Poiseuille's law describes the velocities of fluids flowing in a tube—for example, the flow of blood in a vein. This law applies when the velocities are not too large—more specifically, when the flow has no turbulence. In this case the flow is laminar, which means that the paths of the flow are all parallel to the tube walls. The law states that $v=k(R^2-r^2)$, where v is the velocity, k is a constant (which depends on the fluid, the tube, and the units used for measurement), R is the radius of the tube, and r is the distance from the centerline of the tube. Since k and R are fixed for any application, v is a function of r alone, and the formula gives the velocity at a point of distance r from the centerline of the tube

(a) What is r for a point along the walls of the tube?

(In so many words, this basicly means to get r by itself, right?)

(b) What is the velocity of the fluid along the walls of the tube?
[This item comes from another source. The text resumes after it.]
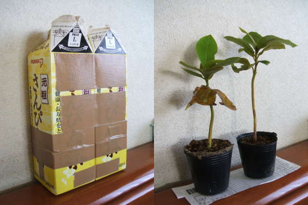 画像を見ていただければ、どのくらいの大きさかよく分かっていただけるかと。牛乳パックに入って、はるばる沖縄から送られてきたのです。しかも一番下に付いている葉は双葉です。そんな苗木なので、収穫できるようになるまでに、どのくらいかかるか分かりません。しかも、プランターキラーな私。これから冬季突入ですし、危険この上ないです。

(...Wait, it didn't give me a value? I'm going to take a wild guess and say the fluid along the wall is zero.)

2. Hello MathBane
Originally Posted by MathBane
Poiseuille's law describes the velocities of fluids flowing in a tube—for example, the flow of blood in a vein. This law applies when the velocities are not too large—more specifically, when the flow has no turbulence. In this case the flow is laminar, which means that the paths of the flow are all parallel to the tube walls. The law states that $v=k(R^2-r^2)$, where v is the velocity, k is a constant (which depends on the fluid, the tube, and the units used for measurement), R is the radius of the tube, and r is the distance from the centerline of the tube. Since k and R are fixed for any application, v is a function of r alone, and the formula gives the velocity at a point of distance r from the centerline of the tube

(a) What is r for a point along the walls of the tube?

(In so many words, this basicly means to get r by itself, right?)

(b) What is the velocity of the fluid along the walls of the tube?

(...Wait, it didn't give me a value? I'm going to take a wild guess and say the fluid along the wall is zero.)
(a) Read the question carefully. $r$ is the distance from the centre of the tube. The radius of the tube is $R$. So along the walls of the tube, $r = R$.

(b) You're right. When $r = R,\; v = 0$.